The morning show change was a fairly big one, with a heritage talent leaving and Sean Demery, who has no Triple A background but a strong history in Alternative and CHR, taking the reins. What values and skills do you look for when making that kind of change?
When Sean was the Program Director at Live105 (KITS/San Francisco) it was one of the most creative radio stations I had ever heard. When I got to know Sean I found him to be one of the most intelligent, witty, eclectic people I’ve ever met, who is truly energized by the ideas and the execution of radio. So at that point, what more do you need? I was just looking for the best person to bring into this station to help me and teach me.
I feel very fortunate he was available. He knows the concepts of radio and he’s also been in the trenches. He’s programmed, he’s been an announcer. I’m not just bringing him in to do the morning show and leave at ten o’clock. I’m bringing him in to be one of the pillars, along with John Fisher and Shawn Stewart, of the station.
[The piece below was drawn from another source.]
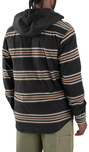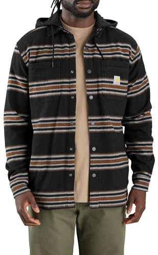 Stay warm while you work. This men's Carhartt shirt jac is built for cold weather with a soft fleece lining and an attached hood. Stretch flannel and a relaxed fit allow you to lift boxes and swing a hammer with ease.
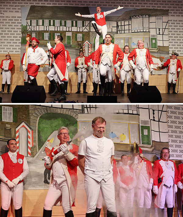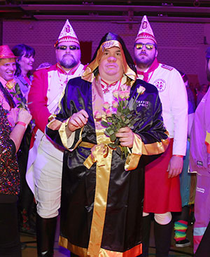 Danach endlich präsentierten sich mit der Torwache Ründeroth die „schönsten Männer Ründeroths“ dem Publikum und rissen die Saalgäste mit ihrem Liebreiz und ihrer herben, aber herzlichen Performance zu begeistertem Beifall und anerkennenden Pfiffen hin. Mit Trainerin Anna Ecker hatten die bärtigen Grazien drei Tänze einstudiert, die geballte Manpower mit dynamischem Hüftschwung und gekonnter Akrobatik kombinierten. Als neues Mitglied in den Reihen der ehrwürdigen Torwache wurde „Hüppetüpp“ von seinen Korps-Kameraden öffentlich ordentlich gepudert.

He will also be part of the process of what we do on-air, on our website, in the street, and where we have dinner.
What changes have you seen in the way the audience relates to its radio stations?
You spend your whole life as a programmer trying to reduce all negatives, but then when you make a change you believe in that you know will disappoint some listeners, you take a step back and say, “Look how connected they are to what we do!” That gives me optimism. There are hundreds of thousands of people in the city of Seattle who use radio, like radio, are connected to radio, are passionate about radio, and those are the people we work for.
Has it changed? Of course. Radio is no longer the Big Kahuna. We now share the media landscape with a dizzying number of options. There are a lot of bright and shiny objects that come and go, and no one can really predict what’s going to stick and what’s going to dominate. But radio’s in play and that’s exciting!
The last decade has seen technology blur lines between local and global perspectives, which seemed to create a quandary for some radio stations. Is local perspective as important as it once was for radio?
Being “local” has always been important for radio. But today, when we program local radio stations, we have to know that the audience has instant access to a world’s worth of information and entertainment. It’s harder to bluff your way through now. If you say this is “new music” and folks have been listening to it online for a year, you lose credibility. I hope we can be a credible local source for a world view of music and information that radiates out in big circles that begin at the tower.
So it’s not that you either ignore world events or ignore anything that happens in your zip codes. It’s that you make decisions, you hope the right decisions, based on what your local community will find important and valuable.
There are stations out there that are just jukeboxes. They’re going to be part of the picture too, and PPM seems to work for some of them. My own extremely unscientific theory is that the best thing you can do to survive in the PPM world is to have the best radio station you can by playing the game as well as you can – including using “local” to your advantage, and trust that in the long run the meters will reflect the effort.